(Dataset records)
###
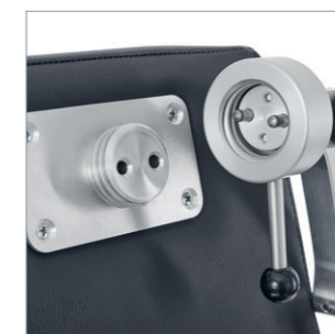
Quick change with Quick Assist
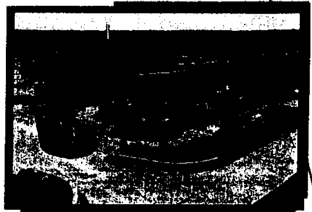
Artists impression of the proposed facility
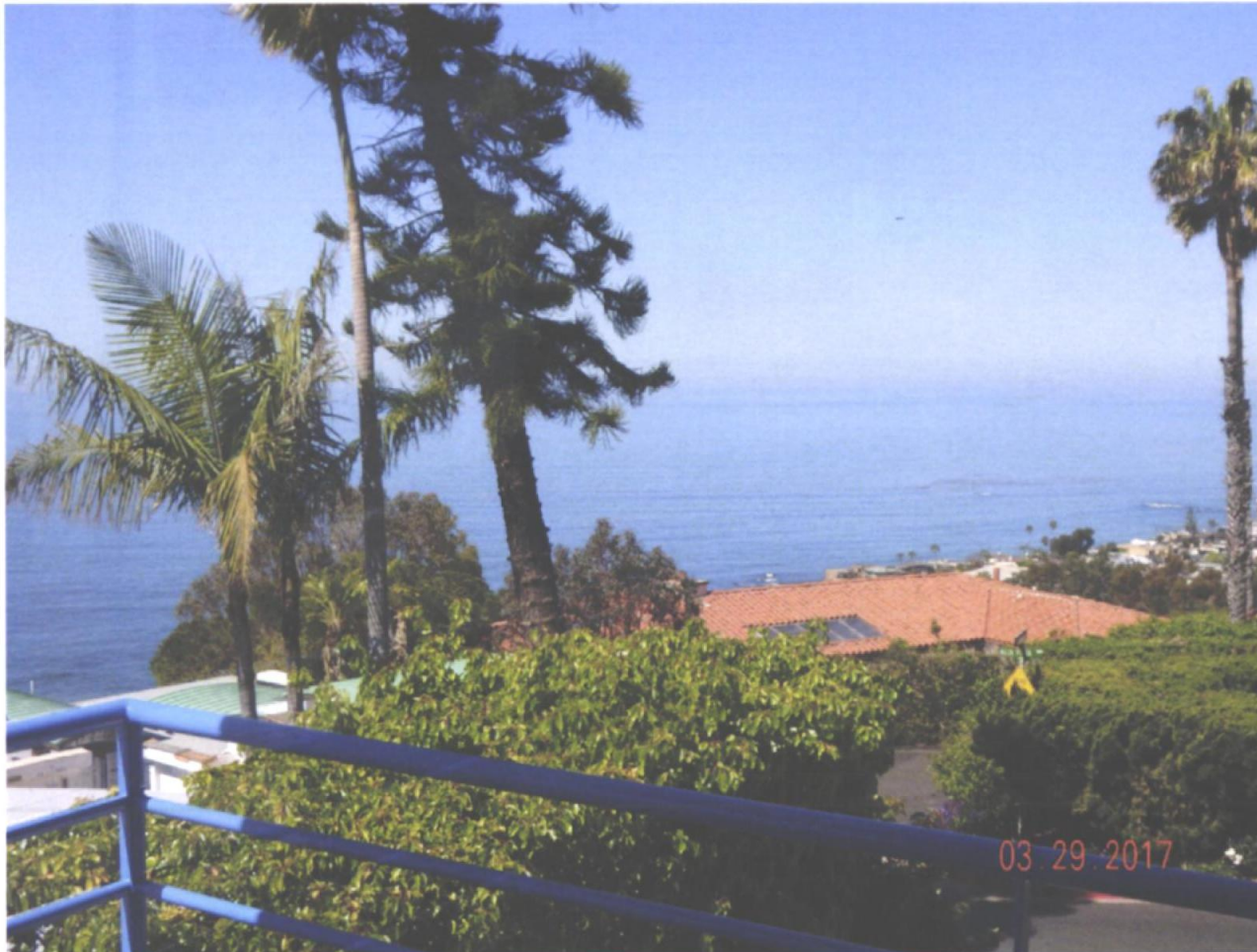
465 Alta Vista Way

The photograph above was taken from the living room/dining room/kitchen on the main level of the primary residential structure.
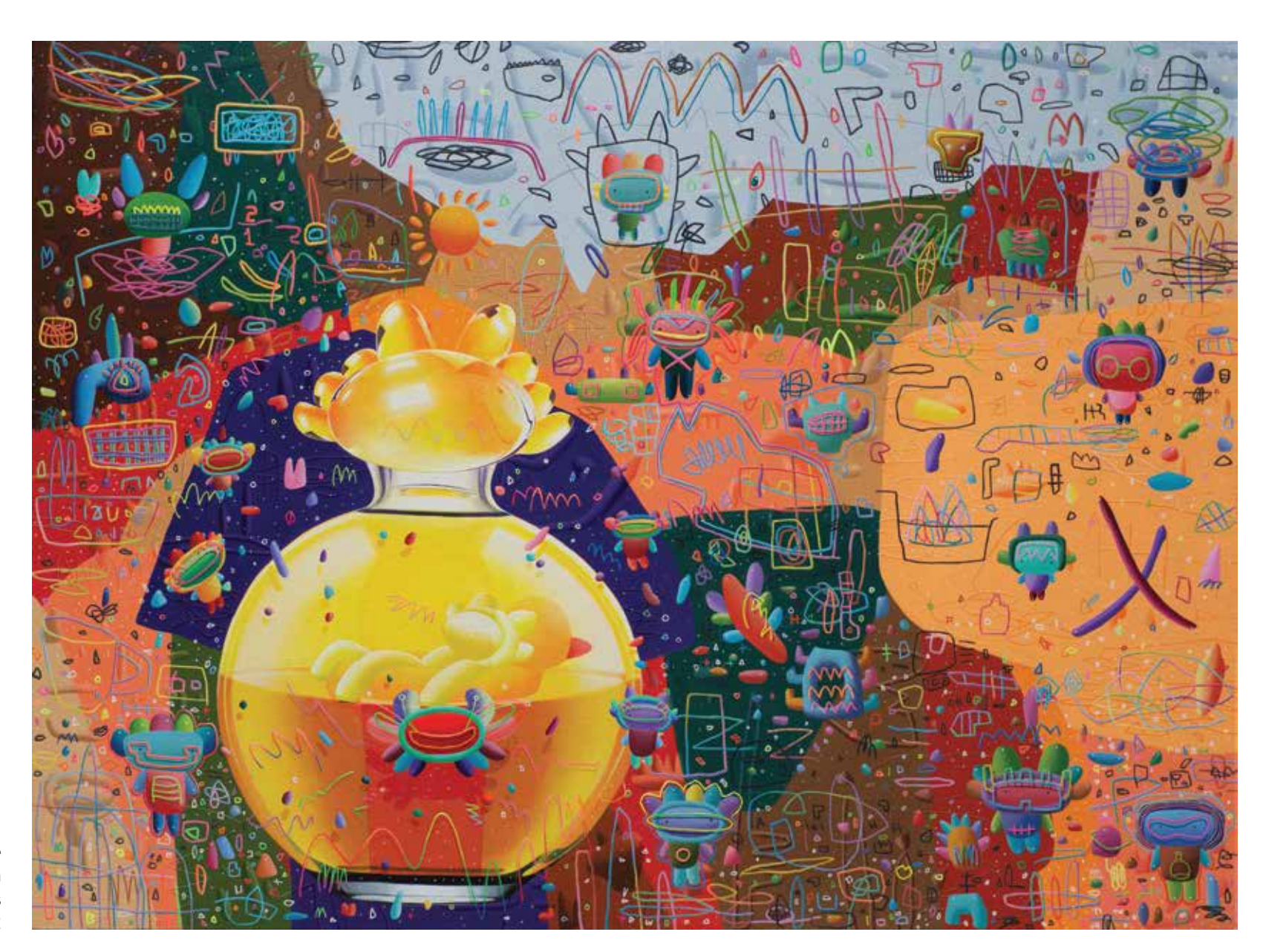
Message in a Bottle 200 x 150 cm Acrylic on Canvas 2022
###
### TASK REQUIREMENTS
From the entries above, output every line exactly and omit any image.

### EXERCISE SOLUTION
Quick change with Quick Assist
Artists impression of the proposed facility
465 Alta Vista Way

The photograph above was taken from the living room/dining room/kitchen on the main level of the primary residential structure.
Message in a Bottle 200 x 150 cm Acrylic on Canvas 2022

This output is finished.